Q: My staff gets trained via an external consultant who also ensures that the audit procedures are regularly updated, including awareness around Fraud: surely that is sufficient?

A: The awareness around detecting Fraud or other criminal activities is a good foundation but the IRBA requires developing an alertness within your Firm around possible risks of money laundering activities. You can incorporate the FIC guideline, currently incorporated as annexure C to the IRBA Guide, to raise awareness amongst your staff around transactions or actions by clients which could indicate money laundering.

 

Q: I am not an Accountable Institution but I want to ensure that my firm is not exposed to the risk of money laundering: from an anti-money laundering perspective, what should I focus on?

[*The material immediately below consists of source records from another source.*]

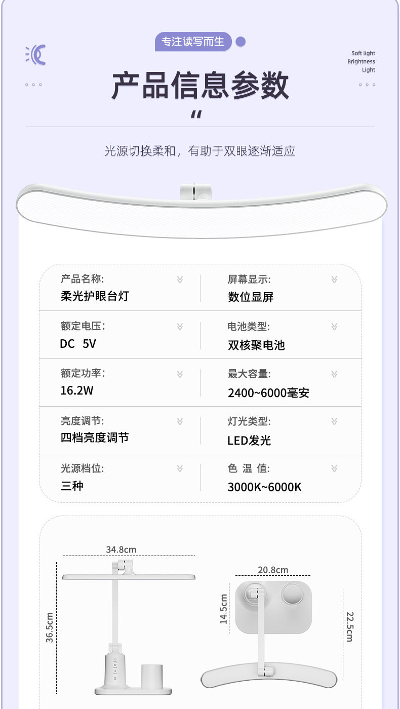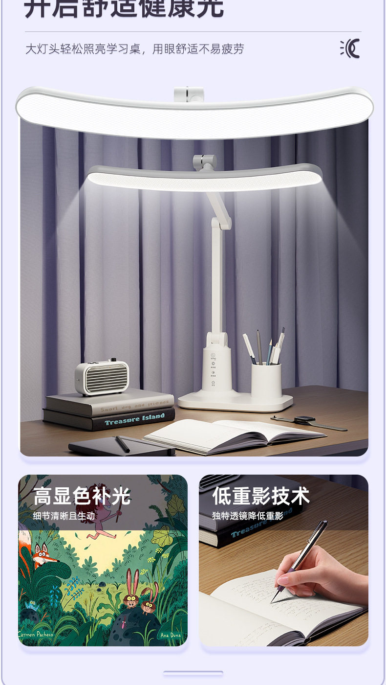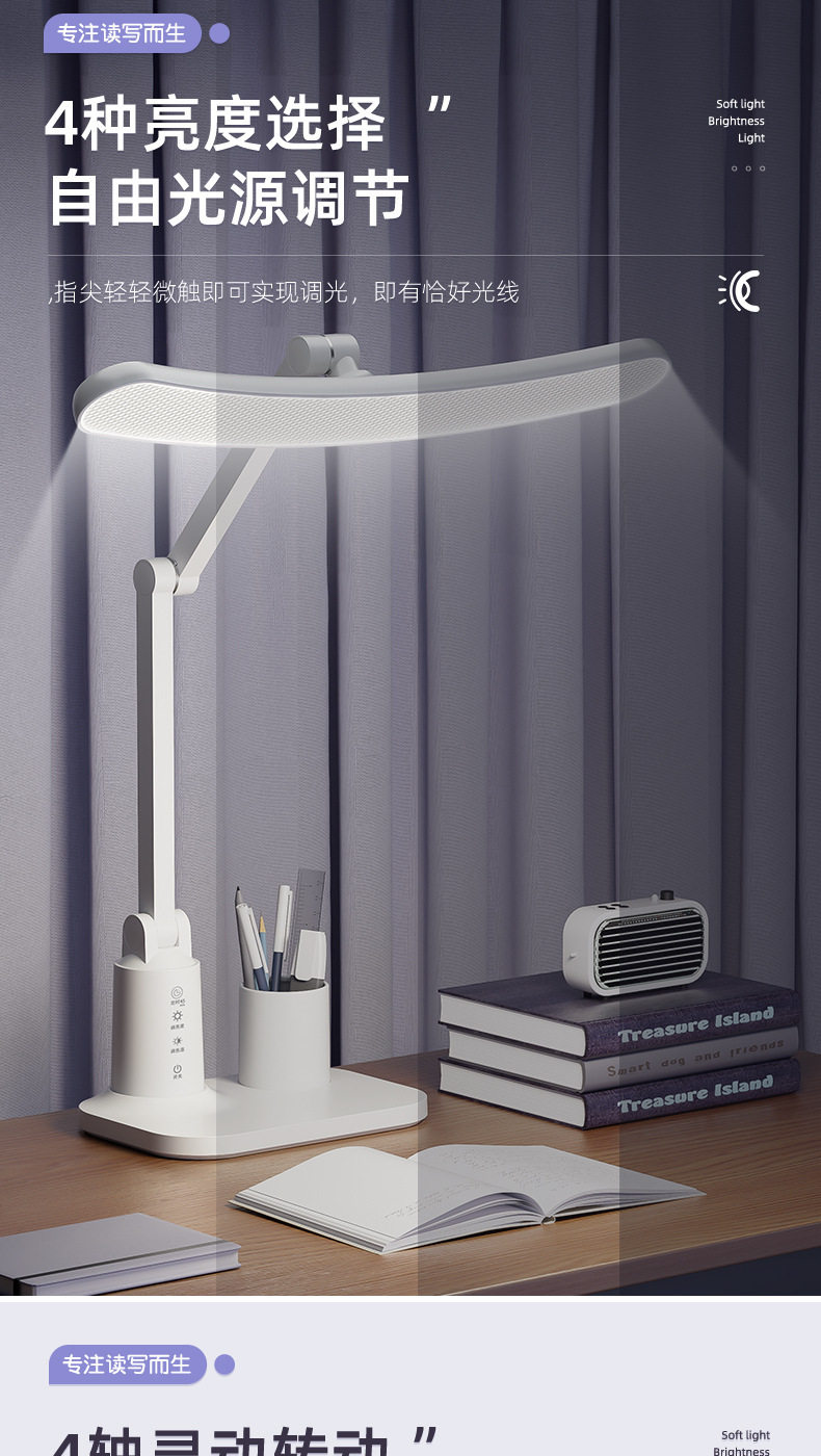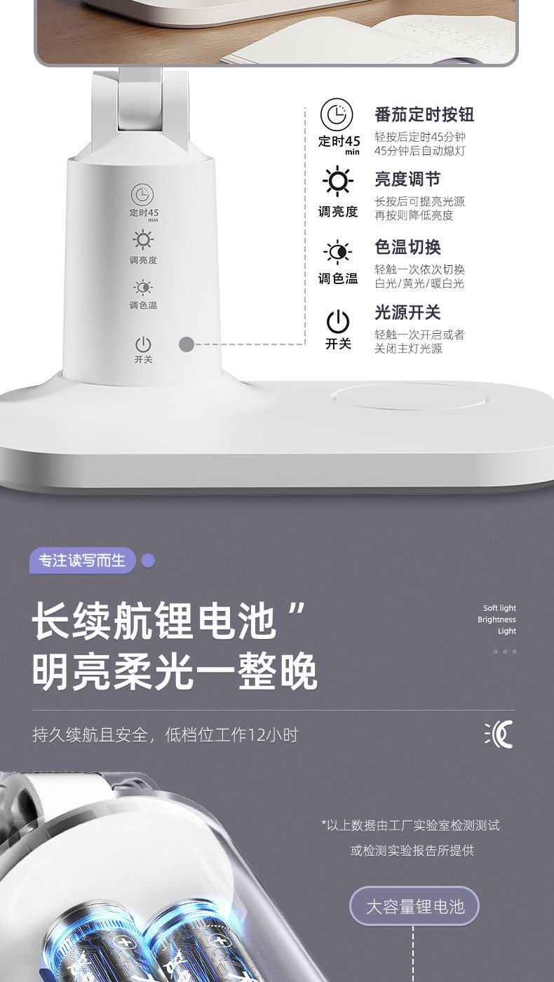 【学习阅读专用灯 防护近视柔光护眼】Led折叠台灯 学生学习护眼 专用阅读灯 宿舍充电床头灯 卧室定时夜灯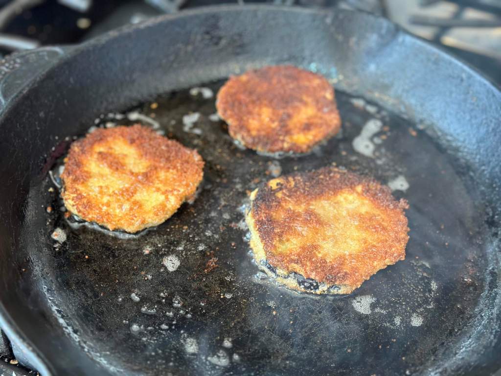 Flip each slice when it’s nice and brown, and then remove onto cutting boards or plates covered with paper towels. (To absorb the oil.)
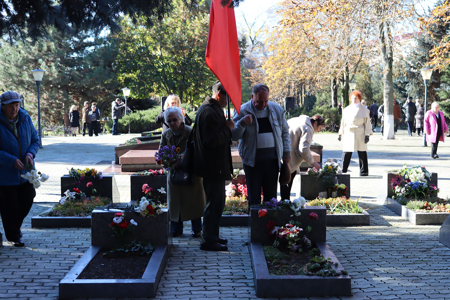 Участники церемонии почтили память павших героев минутой молчания. Дубоссарцы возложили живые цветы к памятным плитам и к памятнику советскому солдату.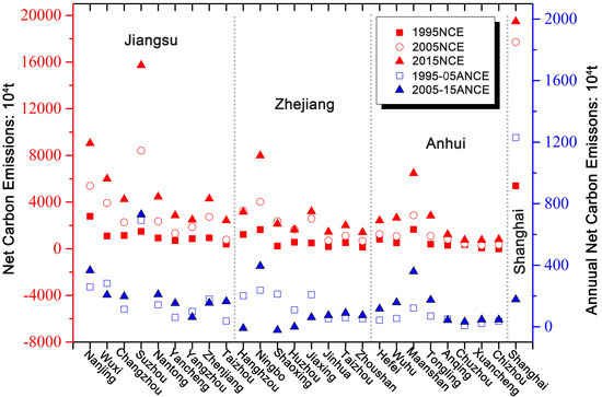 Figure 5 presents the annual net carbon emissions (ANCE) during the first (1995–2005) and second (2005–2015) decades, respectively. For most Jiangsu cities, their net carbon emissions tended to increase steadily, and their ANCE changes were smaller in the first decade than in the second decade. Hangzhou, Shaoxing, Huzhou, and Jiaxing in Zhejiang Province had equivalent net carbon emissions in 2005 and 2015, with drastic drops in their annual average net carbon emissions. Small NCE changes were observed for all the eight Anhui cities, while significant increases in annual average net carbon emissions were shown only for Maanshan, Tongling, Wuhu, and Hefei. Regarding Shanghai, its net carbon emissions increased steadily in the second decade after an obvious rise in the first decade.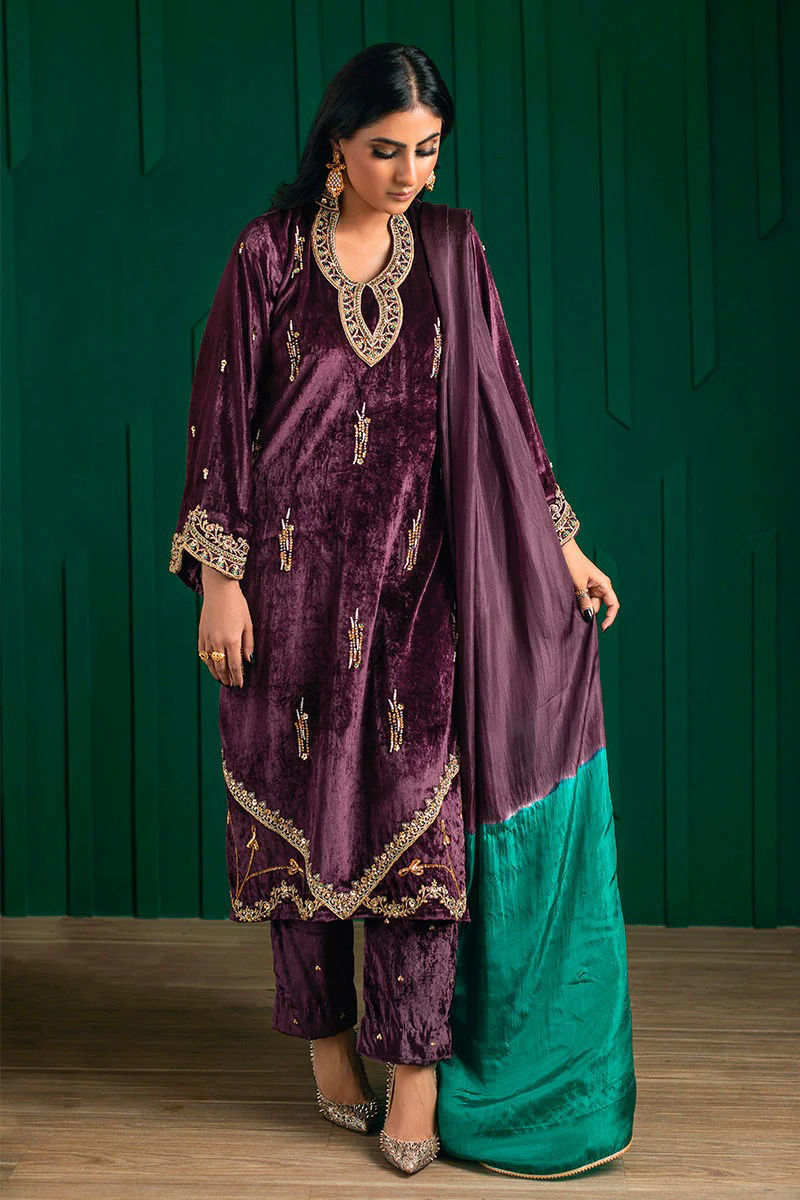 Indulge in the opulence of a plush plum velvet shirt, meticulously adorned with handcrafted zardozi, French knots, and sequins. It is elegantly framed by an appliqué Zari border. Complementing this luxurious ensemble is a stunning ombre silk dupatta, exuding an air of sophistication. The look is completed with pants delicately finished with hand-sewn sequins, ensuring a truly regal appearance.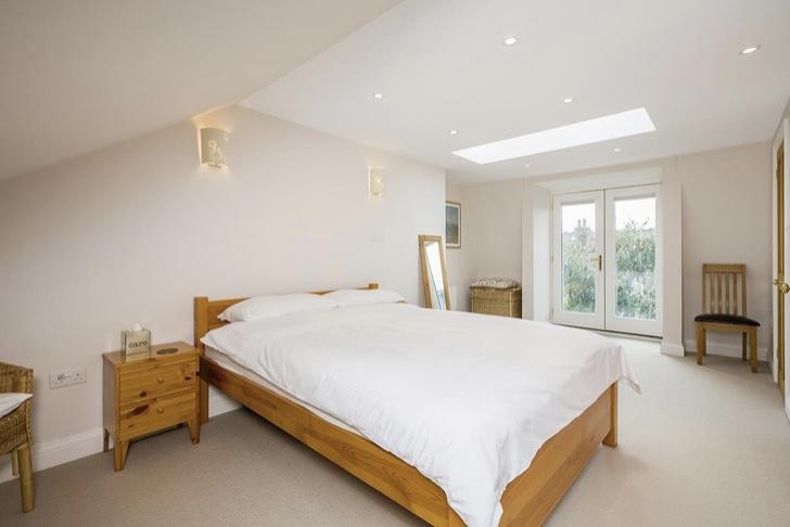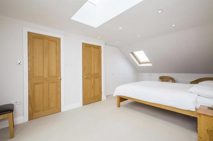 The large double bedroom is on the top floor of a family home.

A: It goes without saying that you should always maintain your Professional Scepticism even with long-standing clients, and in audit, you always adhere to the standards set by the ISA's as these apply to your type of business. However, the FATF (Financial Action Task Force) recommends strict Due Diligence procedures and for you that would include the "Know your Client", or "Take-on" procedures. The IRBA website has a guideline by the FATF, written for the benefit of accountants, which could assist you in improving your risk-based approach in this area.

 

Q: If I report in terms of Section 29 of FICA, will I have to testify in Court?

A: You can testify if you so prefer, but section 38 of FICA states that you will not be compelled to do so, where the report was made in good faith.

 

Q: What is my exposure to civil litigation if I report a client?

A: Section 38 of FICA protects you against civil or criminal action where the report was made in good faith, so a client will not be able to take action against you for having made the report.

 

Q: Does the R25 000 reporting obligation for an Accountable or Reporting Institution apply to receiving or paying the amount?

A: The obligation to report applies to either receiving or paying the amount. Refer to PCC5 on the clarification of section 28A reporting, available on the IRBA website.

 

Q: Who is the FATF and why do I need to take note of their guidelines?

A: After the terrorist attacks in the US on 11 Sept 2001, the OECD (Organisation for Economic Co-operation and Development) directed the formation of the Financial Action Task Force, which currently comprises of 36 members including South Africa. They set the benchmark worldwide for the guidelines and legislation for combatting money laundering and financing of terrorism. They conduct regular visits in South Africa where various Government Bodies need to report on their implementation of the Legislation as it applies within their jurisdiction. The IRBA as supervisory body of the Auditing profession, reports in similar fashion on its compliance obligations.